■ Assignment: Print out the data exactly, keeping every image out of it.

■ Material provided:

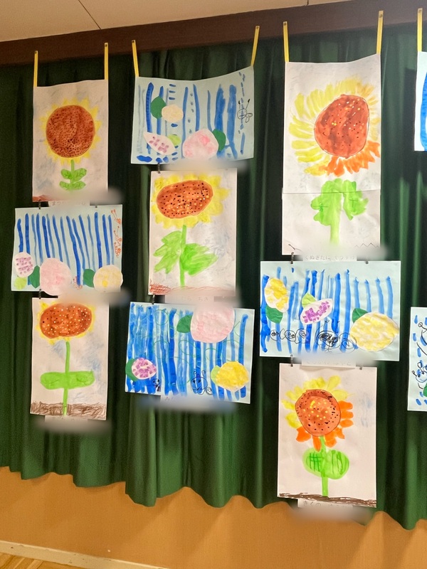 年中さんの絵画です。 スタンプを使ったり思い思いに描くことができました。
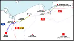 With the end of the Cold War, and particularly with Poland joining the European Union, increasing thought has been given to reconstructing the road as part of the European highway system. In the 1990s, a 14 kilometre (8.7 mile) long segment near the western Polish border was incorporated into the new A6 Autostrada (highway). A further 7 kilometres (4.3 miles), to the junction with National Road 10, was being restored and was scheduled to open for traffic in August 2007. An additional 8 kilometres (5.0 miles) is to be upgraded at some future date and redesignated as part of the A6. The section between Elbląg and the border with Russia was completely reconstructed and opened as an express road, S22, in September 2008. In the course of the upgrade, the new modern carriageway was built in the space left for the second carriageway during original construction. At the same time, the original concrete carriageway was demolished almost along the entire length of the route, and only a few traces of it remain. All of the remaining original overpasses and bridges were demolished and replaced with modern works. Thus very few traces of the original German autobahn can be seen. Other part of the Berlinka are incorporated into voivodeship road 142, and expressroad 6/3. In the Russian Kaliningrad Oblast, it is incorporated into road P516.
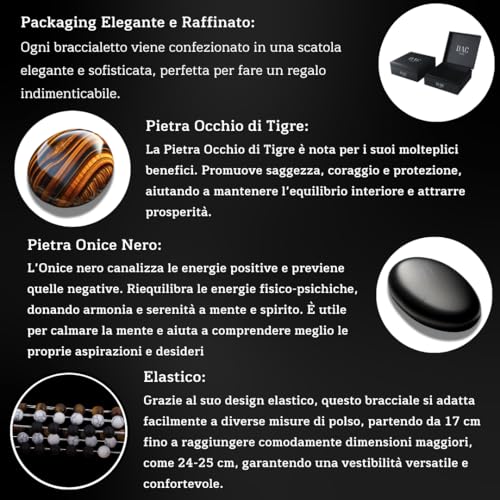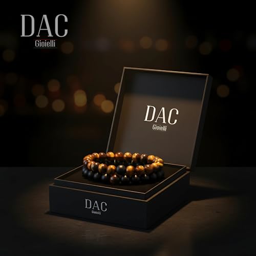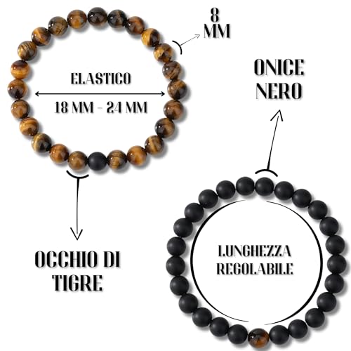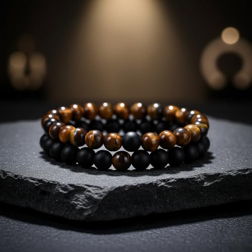 DAC - Andy & C Men's Bracelet 2 Pieces with Natural Stones Bracelet Gift Box Boyfriend Woman Chakra with Real Natural Stones Tibetan Yoga Jewelry, 21 centímetros, Stone, Natural
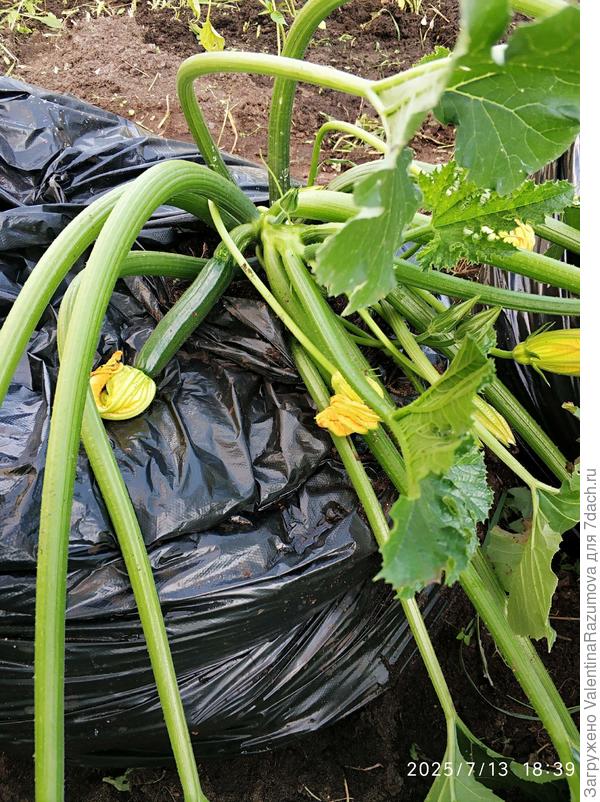 Единственный «бесполивный» вариант, который у меня вообще сработал, — это выращивание тыквенных на черной пленке. Именно пленке, не агроволокне. Причем стелю пленку в два слоя, не разрезая рукав. Но это метод для целины или обычных грядок — на поднятых, боюсь, под пленкой корни спекутся

■ Result:
 年中さんの絵画です。 スタンプを使ったり思い思いに描くことができました。
 With the end of the Cold War, and particularly with Poland joining the European Union, increasing thought has been given to reconstructing the road as part of the European highway system. In the 1990s, a 14 kilometre (8.7 mile) long segment near the western Polish border was incorporated into the new A6 Autostrada (highway). A further 7 kilometres (4.3 miles), to the junction with National Road 10, was being restored and was scheduled to open for traffic in August 2007. An additional 8 kilometres (5.0 miles) is to be upgraded at some future date and redesignated as part of the A6. The section between Elbląg and the border with Russia was completely reconstructed and opened as an express road, S22, in September 2008. In the course of the upgrade, the new modern carriageway was built in the space left for the second carriageway during original construction. At the same time, the original concrete carriageway was demolished almost along the entire length of the route, and only a few traces of it remain. All of the remaining original overpasses and bridges were demolished and replaced with modern works. Thus very few traces of the original German autobahn can be seen. Other part of the Berlinka are incorporated into voivodeship road 142, and expressroad 6/3. In the Russian Kaliningrad Oblast, it is incorporated into road P516.
 DAC - Andy & C Men's Bracelet 2 Pieces with Natural Stones Bracelet Gift Box Boyfriend Woman Chakra with Real Natural Stones Tibetan Yoga Jewelry, 21 centímetros, Stone, Natural
 Единственный «бесполивный» вариант, который у меня вообще сработал, — это выращивание тыквенных на черной пленке. Именно пленке, не агроволокне. Причем стелю пленку в два слоя, не разрезая рукав. Но это метод для целины или обычных грядок — на поднятых, боюсь, под пленкой корни спекутся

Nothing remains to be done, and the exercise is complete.